Metal-organic Frameworks and their Derived Structures for Photocatalytic Water Splitting

Fossil fuels are non-renewable energy sources and may cause environmental pollution. One of the appropriate solutions is to develop clean and renewable sources of energy as an alternative to fossil fuels. Environmental pollution and lack of renewable energy sources are two significant problems affecting the current life of human society and economic progress. Researchers have addressed semiconductor-oriented heterogeneous photo-electrocatalysis, photocatalysis, and electrocatalysis by the fuel cells to solve these crises. Photocatalytic water splitting is a promising approach in resolving the energy crisis.

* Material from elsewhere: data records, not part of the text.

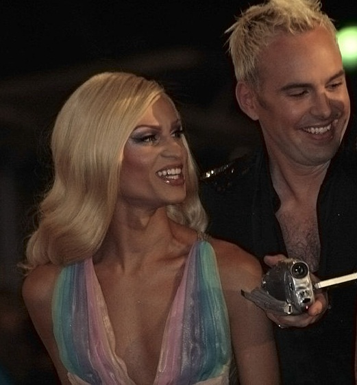 Patricia Field with Phillipe and David Blond (The Blonds) at the Life Ball 2009, Rathaus, Vienna.
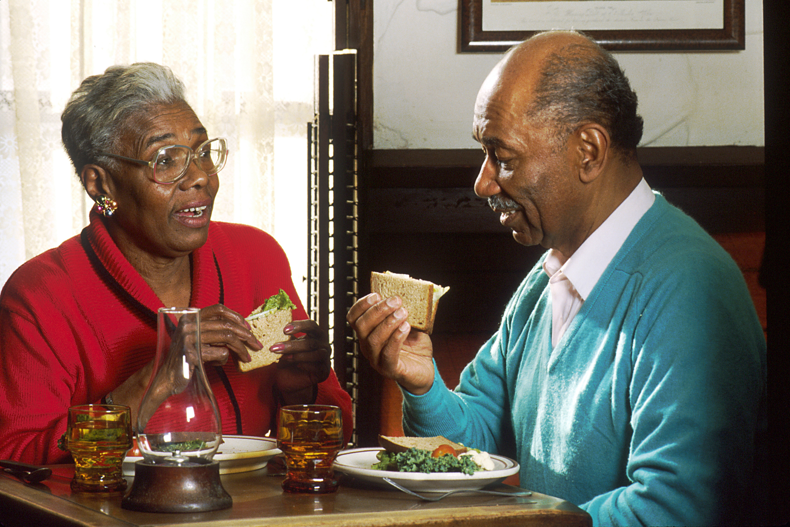 Title Couple Eating Lunch Description An African American man and woman eating lunch at a small restaurant table. Topics/Categories Food and Drink People -- Adult Type Color, Photo Source National Cancer Institute
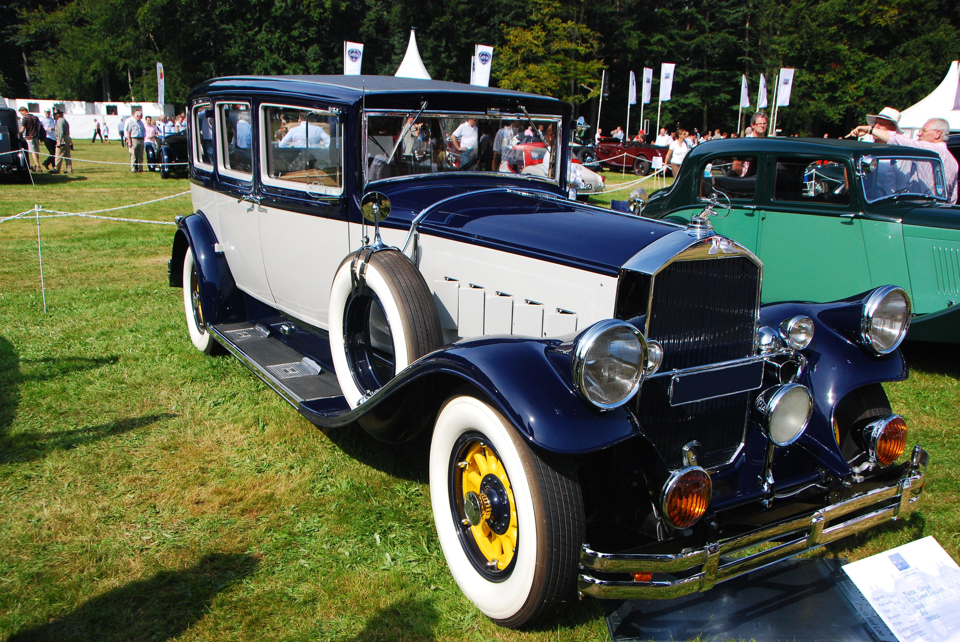 '29 Pierce Arrow seen during Cncours d'Elegance 2008, Apeldoorn (NL)
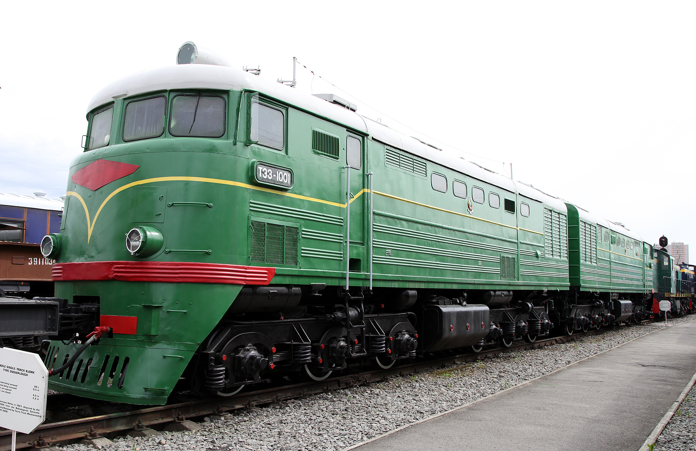 TE3-1001 diesel locomotive
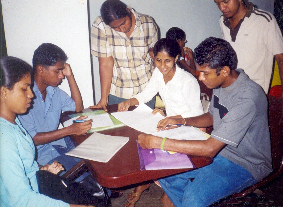 Team workEuskara: Taldean lanean
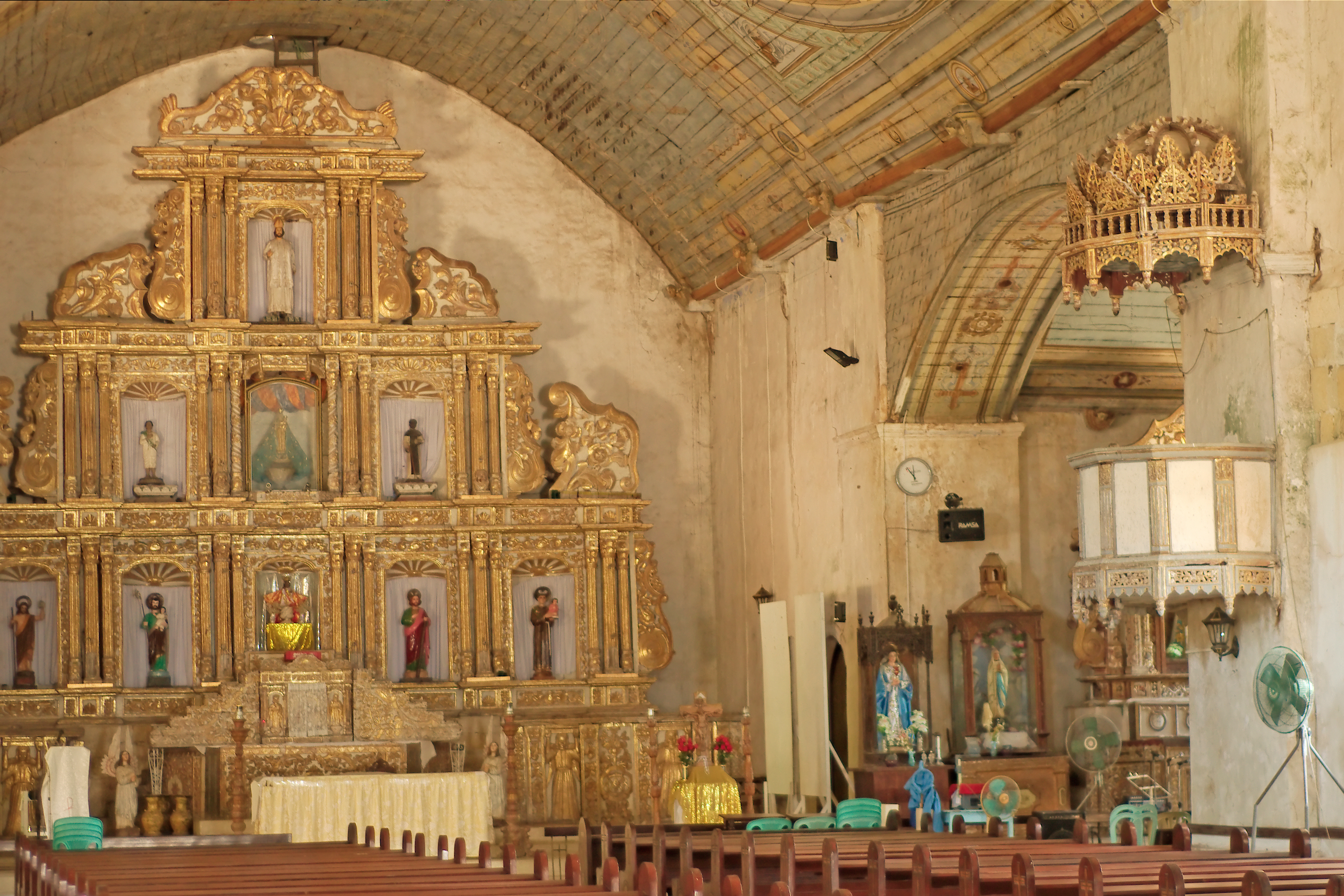 Church Patrocinio de Maria, Boljo-on, Cebu
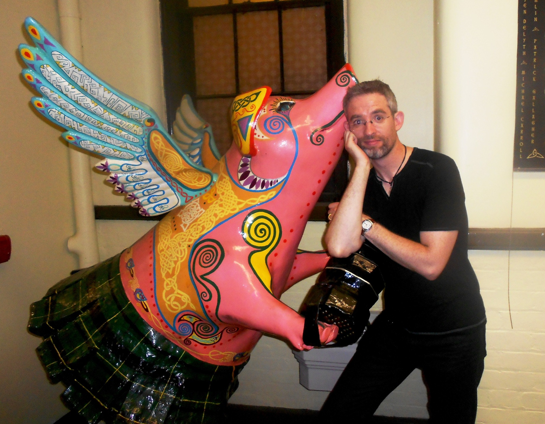 Enda Scahill with Cincinnati's Famous Flying Pig
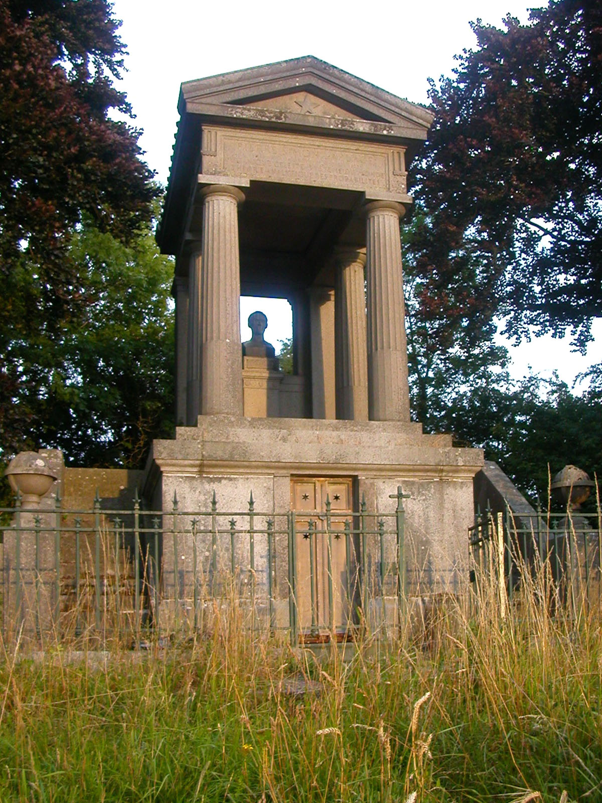 Wikipedia describes him as 'one of the greatest scientists of all time, sometimes referred to as the French Newton'. The names of his major works, Mechanique Celeste, Exposition du Systeme du Monde and Theorie Analytique des Probabilités are inscribed on the frieze below the pediment.
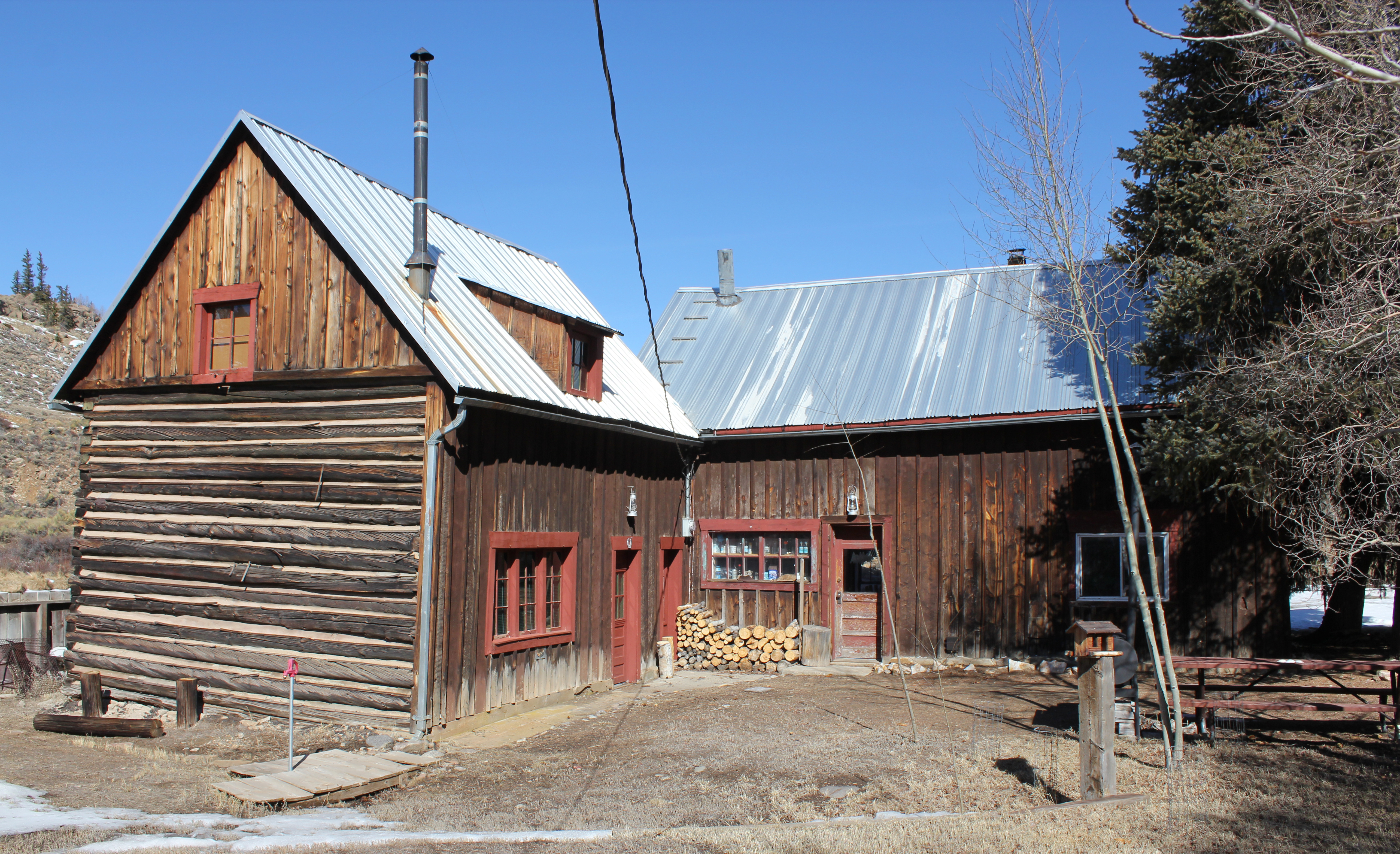 The Commercial Hotel, located at 43255 County Road 397 in Granite Colorado. The property, now a dwelling, is listed on the National Register of Historic Places.

This process involves harvesting solar light, charge transfer and separation, and evaluation of catalytic reactions of H2 and O2. In this regard, the main challenge is to find an efficient, environmental-friendly, cost-effective, and easily fabricated photocatalyst with high stability and corrosion resistance in different media. Thanks to their tunable structure, structural flexibility, high specific surface area, tunable pores, and unsaturated metal sites, metal-organic frameworks (MOFs) could be an efficient photocatalyst for hydrogen production under UV, NIR, and visible radiation. Therefore, MOFs and MOFs-based compounds are widely utilized as alternatives for expensive commercial catalysts developed based on rare elements such as Pt and Au. They can also be employed as precursors for the synthesis of different types of materials with different structures, sizes, and morphologies. This chapter summarizes MOF-based photocatalysts for the splitting of water are MOFs modification strategies.

Keywords: Charge Separation, Composites, Materials Derived, Metal-organic Frameworks, Photocatalytic Water Splitting, Synergistic Effect.